Aos 33 anos, o uruguaio marcou ontem à noite contra o Bordeaux seu gol de número 200 com a camisa do clube que o contratou em 2013 e, assim, fortaleceu seu status de maior artilheiro da história do PSG.

AMADO PELA CLASSE

Além disso, ele mostrou que a comunhão com as arquibancadas é total e, enquanto os fãs do Parque dos Príncipes reservavam algumas vais ao técnico, Thomas Tuchel, e muito ceticismo com a equipe, a ovação ao "matador" era carinhosa, fechada e firme.

Parece difícil imaginar que o jogador esteja vivendo suas últimas semanas no clube, submetido nos últimos meses do contrato a uma competição violenta com o argentino Mauro Icardi, situação que ele não está vivendo com prazer.

Cavani, que também ajudou na vitória contra o Girondins (4-3), pode dar à equipe a personalidade e o caráter vencedor de que precisará no próximo dia 11 de março, contra o Borussia.

Seu grito de gol, amplificado por um passo dado ao uruguaio, sustentou uma noite em que o PSG venceu sem conseguir tirar as dúvidas que nasceram em Dortmund no dia 18.

LACUNAS DEFENSIVAS

Contra o Bordeaux, as lacunas defensivas foram imensas e, contra um rival localizado a 30 pontos na tabela, o PSG não conseguiu controlar o jogo, a ponto de o fantasma do empate estar presente na etapa final.

A equipe também viu o brasileiro Thiago Silva, o pilar de sua defesa, deixar o campo com lesão, e sua disputa no retorno da Liga dos Campeões está comprometida. Uma baixa que seria adicionada, se confirmada, ao italiano Marco Verratti, o patrono do centro do campo, que cumprirá uma penalidade.

NEYMAR, EXPULSADO

A cereja do bolo foi colocada por Neymar nos acréscimos. Enfurecido por uma entrada rival, o brasileiro respondeu com outra na hora errada que lhe valeu o segundo cartão amarelo, depois do mostrado no intervalo por protestar contra o árbitro.

A Comissão de Disciplina decidirá na quarta-feira se aplicar uma ou duas partidas de suspensão. De qualquer forma, no meio do carnaval e coincidindo com o aniversário de sua irmã, um compromisso até agora inevitável para o ex-Barcelona, surgiram rumores sobre se o jogador forçou a expulsão para poder ir ao Brasil.

De qualquer forma, Neymar perderá pelo menos mais um jogo com o PSG, o que dificultará a rotação que o mesmo jogador disse que precisava após a lesão que sofreu no início do mês.

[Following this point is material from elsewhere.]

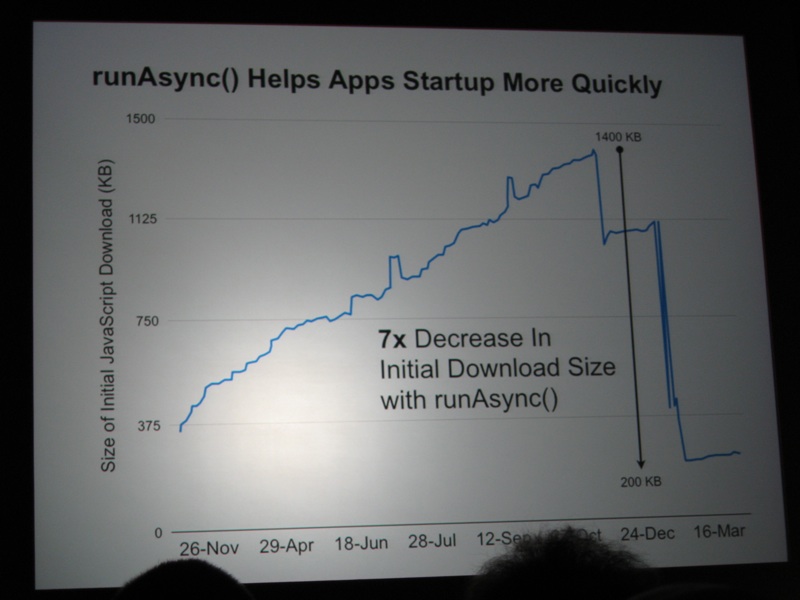 - Next version of Google Web Toolkit — manual code splitting JavaScript is hard, but now we’ll do it for you with runAsync. Download code after the initial download. Code downloads in background after user up and running.

Após a derrota de Dortmund, o jogador censurou o clube por não deixá-lo jogar antes do jogo por medo de uma recaída e justificou em sua opinião a falta de ritmo que ele evidenciou na Alemanha.

A penalidade pode novamente quebrar o retorno de Neymar ao seu melhor nível e agora ele não pode culpar o clube por isso. Pelo menos o PSG sabe que pode contar com Cavani.